A faithful 4-bit build of yuxinlu1's coding model, now runnable in vLLM — with a bundled MTP draft for ~1.6× interactive speed. 🚀

TL;DR — A local Python-coding assistant that thinks before it codes. 8.25 GB, runs on one 16 GB Blackwell GPU, native in vLLM (no --quantization flag). Bundled speculative-decode draft included. 💚

🙏 Credit & what this is

This is a weight-only NVFP4 (W4A16) re-quantization of yuxinlu1/gemma-4-12B-coder-fable5-composer2.5-v1 — full credit and thanks to @yuxinlu1 for the model and the lovely training recipe. Please ⭐ and follow the original repo; if you want a v2, that's the author's signal to watch.

The author's design intent (preserved here): a focused fine-tune of google/gemma-4-12B-it on verifiable Python coding — distilled from real chain-of-thought (Composer 2.5, kept only where the code passed its tests) plus a Fable 5 "second-attempt" set that recovers the hard cases the main teacher missed. The result reasons in the open (edge cases, complexity) in Gemma's native thinking channel, then emits a clean, runnable solution. It is Python/algorithmic-focused, de-refused (not safety-aligned — add your own guardrails), and English-centric.
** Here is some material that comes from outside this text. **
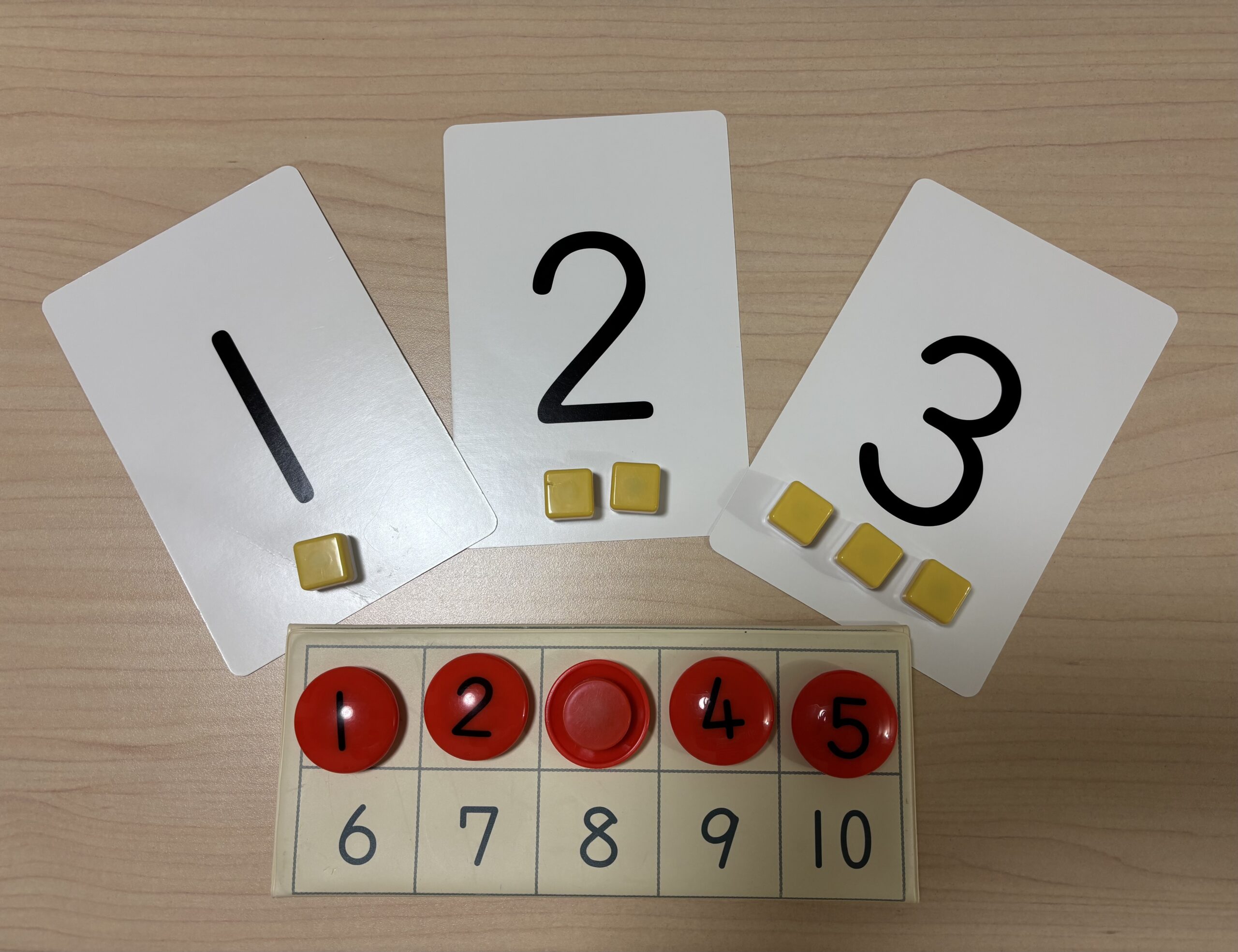 ですので必ず最初に、1から10までの数唱が「歌」になってしまっていないか、「1・2・3」という形と「名称」がきちんと一致しているか、を確認します。一致していない場合は、数字カードなどを使い、一致していくような課題に取り組んでいきます。

Why this build exists: the author shipped GGUF only (great for llama.cpp). This repo reconstructs a vLLM-native artifact so you can serve it with continuous batching, tensor-parallelism, and speculative decoding on Blackwell GPUs.
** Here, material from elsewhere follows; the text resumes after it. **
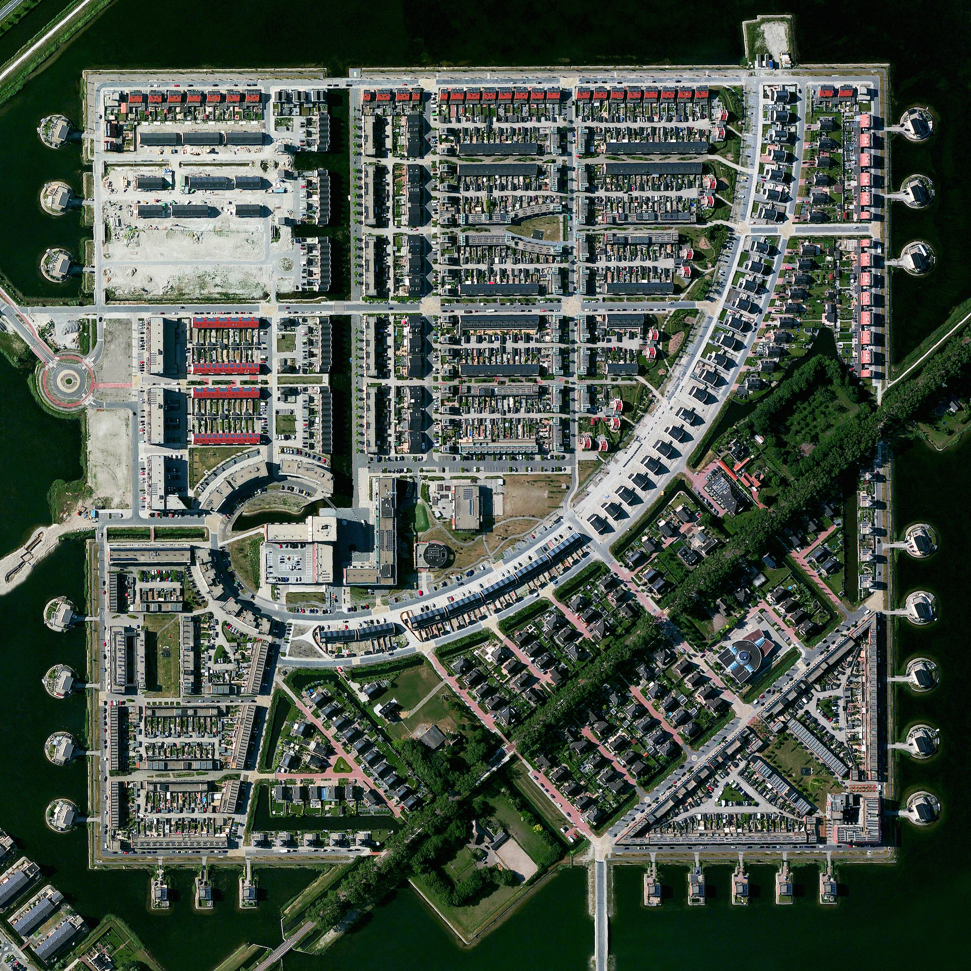 Heerhugowaard is a city built on reclaimed land in the West-Frisia region of the Netherlands. It lies almost 10 feet (3 m) below sea level and is home to roughly 55,000 people. This particular district of Heerhugowaard is called Stad van de Zon (City of the Sun), because its 1,500 homes are directed toward the sun to harness solar power.

How it was made (provenance, for the curious): the author's Q8_0 GGUF (≈lossless) was dequantized to BF16, the gemma-4 language tensors grafted onto a same-arch gemma4_unified skeleton, then quantized to NVFP4A16 with llm-compressor. Quality was verified to match the Q8 source (see below). W4A16 (weights FP4, activations BF16) is used deliberately: the base is non-QAT, where full W4A4 collapses on this architecture — weight-only keeps it robust.

📊 How good is it? (independent eval, greedy pass@1)

Benchmark	Score
HumanEval	90.2% (148/164)
MBPP	85.7% (366/427)
HumanEval[:50] — this NVFP4 build vs the Q8 source	96% = 96% (parity, no quality loss)

Strong at: hard algorithms (DP, graphs, Fenwick/segment trees, bitmask DP), bug-fixing & refactoring (accurate root-cause + genuine O(n²)→O(n) rewrites that preserve semantics), and faithful open reasoning that matches the emitted code. Japanese prompts cause no measurable Python-quality drop.

⚠️ Know the one sharp edge (verified): on quant / time-series code it can write a look-ahead bias (e.g. an unshifted position × a forward-shifted return), and its reasoning sometimes states the correct rule while the code does the opposite. Do not ship its pandas/numpy back-test or accounting code unreviewed — gate it. It's a superb algorithm/debug specialist, not an unsupervised quant author.

🚀 Run it — pick your path

You need: a Blackwell GPU (SM120 / RTX 50-series / RTX PRO / GB10 / B100/200), Docker with the NVIDIA runtime. Gemma-4 unified is new, so you need a vLLM build that registers Gemma4UnifiedForConditionalGeneration (recent nightly). vLLM auto-detects the NVFP4 weights — no --quantization flag.

🟢 Easiest — one GPU, just chat (start here)

# download (~8.25 GB)
hf download sakamakismile/gemma-4-12B-coder-fable5-composer2.5-MTP-NVFP4 --local-dir ./model

docker run --rm --gpus '"device=0"' --ipc=host --shm-size 16gb -p 8000:8000 \
  -v $PWD/model:/model:ro \
  vllm/vllm-openai:nightly \
  --model /model --served-model-name gemma4-coder \
  --max-model-len 16384 --gpu-memory-utilization 0.92 --trust-remote-code

Then open the OpenAI-compatible endpoint at http://localhost:8000/v1.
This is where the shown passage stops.